A partir dessa definição, há que se tensionar outras modulações de vivências e comportamentos; digo isso porque não temos de interpretar que o processo de segregação no espaço dito público ocorre apenas por razões materiais ou geográficas, ao contrário, há que se entender que as construções culturais e simbólicas operam conjuntamente. Aqui coloco que o direito à cidade deve ser interpretado em sua dimensão mais ampla para que se consiga destrinchar os meandros que sua falta causa, tendo em vista que a segregação se dá por diversas

maneiras e a falência desse direito permite o recrudescimento no afastamento de alguns corpos do espaço da urbe.

Deixar de utilizar a expressão espaço público não é apenas uma escolha política, é também um tensionamento acerca da apatia estrutural admitida pela falta de linguagem que peca por não ser específica em seu termo e deixa de ser entoada como manifesto de “possível a todos” os corpos.
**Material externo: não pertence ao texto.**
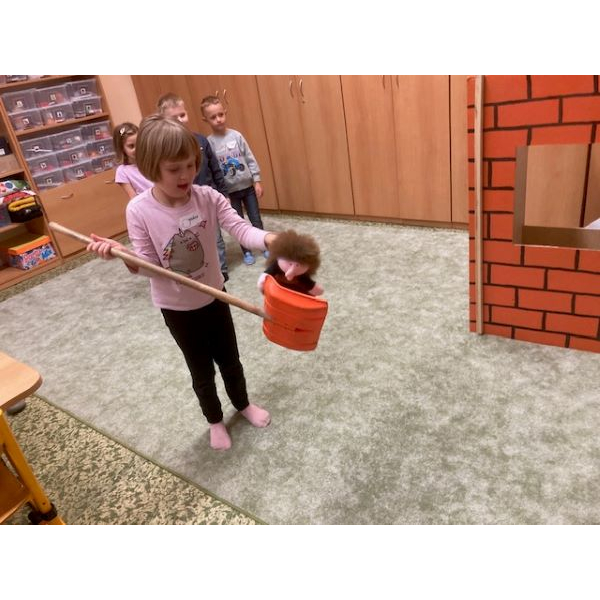 Velkým zážitkem bylo také zdobení perníčků geometrickými tvary podle instrukcí učitele. Děti si procvičily nejen tvary a barvy, ale i trpělivost a spolupráci. A protože pohádka musí mít napínavý konec, nechyběla ani dramatizace – ježibabu děti společně hodily do pece, samozřejmě jen „jako“ a s velkým smíchem.
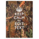 Your personalized Keep Calm saying on a deep fall season camouflage decor. A personalized Keep Calm style saying on a one of a kind gift. Humorous or whimsical try on your creative words on two editable lines of text. Remember to use CAPITAL letters for best results.
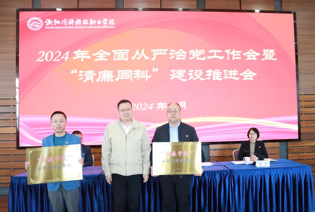 会上,张勇书记为学校清廉学院示范点建设单位水利学院和经信学院进行了授牌,资产处和机电学院作为职能部门和二级学院代表与分管(联系)校领导签订了2024年党风廉政建设责任书。
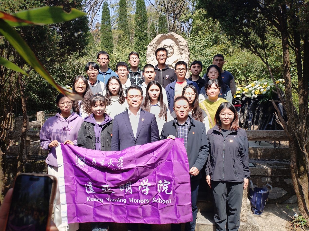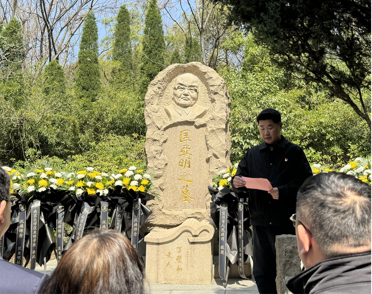 活动伊始,全体在匡亚明校长墓碑前庄严肃立,沉重默哀,敬献花篮,三鞠躬,深切缅怀匡亚明校长。
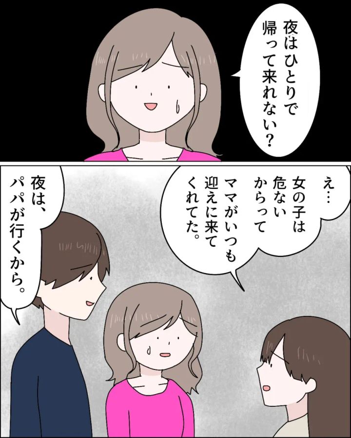 「夜はひとりで帰って来れない?」エリカさんにそう言われ、「え・・女の子は危ないからって、ママがいつも迎えに来てくれてた」と主張するジュリちゃんに、「夜はパパが行くから」とケイさんが言うと、
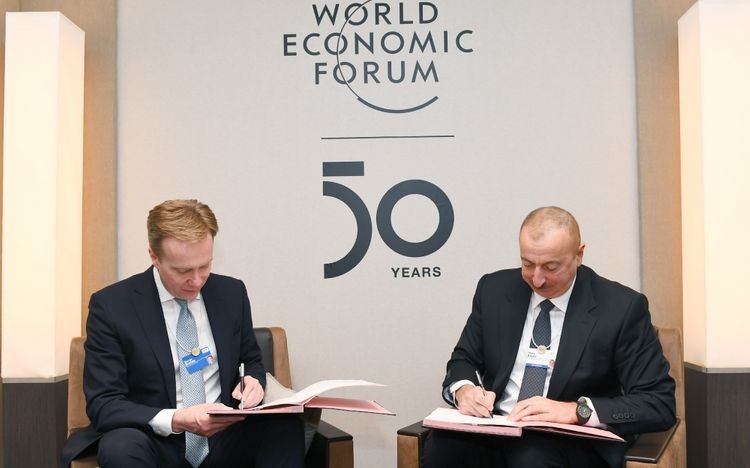 Prezident İlham Əliyev: Biz çox fəxr edirik ki, Davos Forumu ilə bu mühüm sənədi imzalayan ilk ölkələr arasındayıq. Bu, həqiqətən də bizim əlaqələrimizdə yeni səhifədir. Ümidvaram ki, gələcək keçmiş qədər uğurlu olacaq.
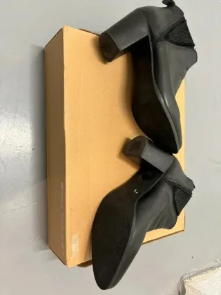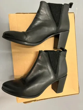 Botines de piel en color negro. - Cierre con cremallera lateral. - Tacón fino. - Punta afilada. - Hecho en España - Cómodos y casi nuevos, no puedo usarlos más por prescripción médica
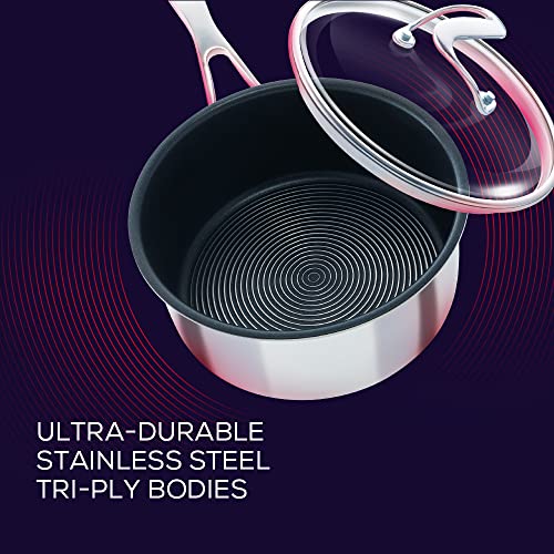 Circulon SteelShield C Series Stainless Steel Saucepan Set of 3, 16/18/20cm – Induction Saucepans with Lids – Hybrid Non Stick, Metal Utensil Safe & Dishwasher Safe Cookware
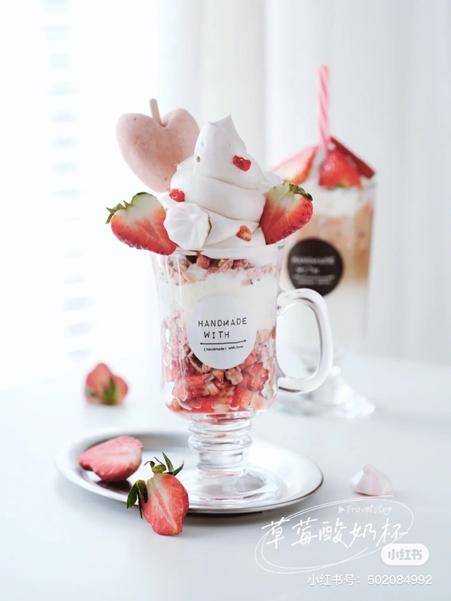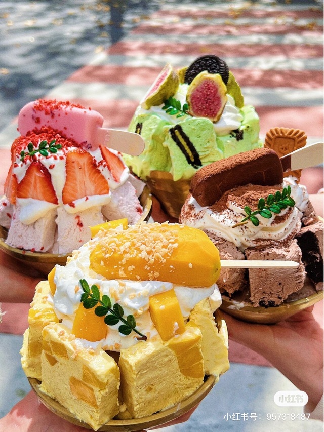茉莉这是厚切酸奶牛乳冰,我一共做了四种口味,有芒果口味的上面还有一个大芒果,还有草莓口味的,上面是梦龙的草莓冰淇淋,巧克力口味的,还有抹茶口味的
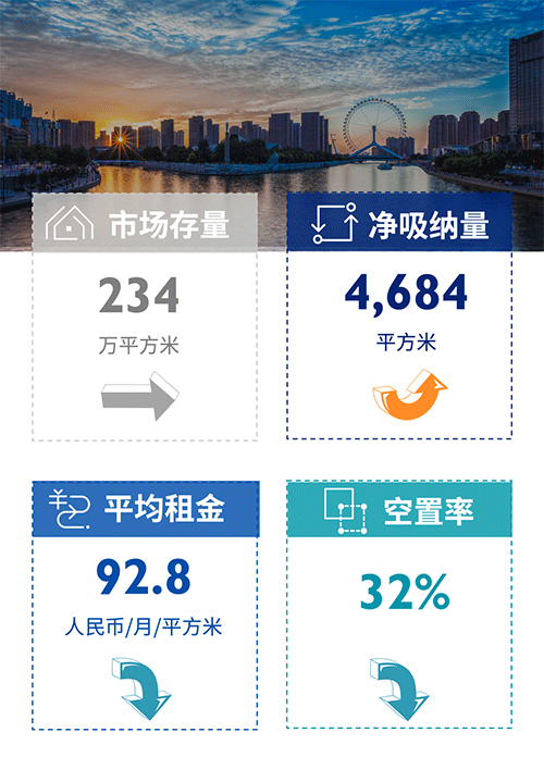 因本季度無新增供應入市,天津甲級寫字樓市場進入存量去化階段,空置率環(huán)比上季度小幅下降0.2個百分點至32%;部分商圈的項目業(yè)主采取下調租金策略以維持項目出租率,使得天津甲級寫字樓市場平均租金下降至92.8元每平方米每月;

Quando a linguagem promove significados que se modificam em consonância aos estímulos culturais e mudanças de uma sociedade, há que se por atenção em quais novos significados simbólicos aquela nova conjuntura propõe. Hoje, espaço público não tem o valor de significância ao qual se havia preconizado – que serve para o uso de todos – contrariamente, existem engrenagens suficientes para se estabelecer assertivas condições de marginalização aos espaços e,

(...) sobre isso, as mulheres constroem sua resistência pela solidariedade: puxadinhos, improvisos, coabitação, diversidade, laços fortes de vizinhança que são fundamentais - apesar de alguns desses aspectos serem vistos pelo senso comum, basicamente, como problemas. Nesse sentido, valorizar esse ponto de vista da segregação, tenciona inclusive o debate clássico do feminismo sobre o antagonismo entre espaço público (masculino) e espaço privado (feminino) (FRANCO, 2016, p. 11).

Até mesmo para não me aprofundar no caráter entre público versus privado, embora que, de antemão, coloco como premissa que o espaço público sempre foi possível ao homem e o privado, por se observar doméstico, sempre foi atribuído às mulheres, preferi atribuir ao espaço público à expressão urbe e destinar ao privado a expressão, espaço seguro. Particularmente, notei, nesse tempo de pesquisa, que as falsas delimitações do que é público e do que é privado dependem de quem é o possuidor/frequentador daquele espaço. Analogamente à construção de um gosto a qual Bourdieu propõe ser moldada a partir da categoria habitus, o espaço também sofre variações e estigmatizações a partir do grupo que o está utilizando ou vivenciando. Ora, quero dizer que assim como um grupo marginalizado determina marginalização a um estilo de música, vestimenta e condutas que assumam, assim também o é se este mesmo grupo marginalizado frequenta determinado espaço; logo, depois de ver que a orientação sexual influencia na conduta que as demais pessoas terão frente aquele espaço considerado privado39, a partir da decodificação de seus usuários serem ou não homoafetivos, não consigo achar plausível a utilização de termos que são tão herméticos e condizentes apenas com a vivência da heteronorma.

39 Casal gay tem sua fechadura de casa trocada por vizinhos que não aceitavam que eles estivessem na mesma vizinhança. Disponível em: <https://oglobo.globo.com/rio/casal-gay-nao-consegue-voltar-para-casa-apos- espancamento-na-tijuca-21277056>.

(...) é plausível dizer que os cidadãos brasileiros aceitaram um padrão de dominação cultural tal que esteriotifica pessoas pelo seu habitus. Daí que não somente a cor da pele estará no rumo das suspeições penais, mas tudo o que lembrar um status quo que imprima a subjetividade do hip hop, do candomblé, das músicas de funk, dos cabelos revolucionários dos The Black Panters, bem como outros tantos trejeitos que lembrem e retratem a negritude (OLIVEIRA, 2016, p. 34).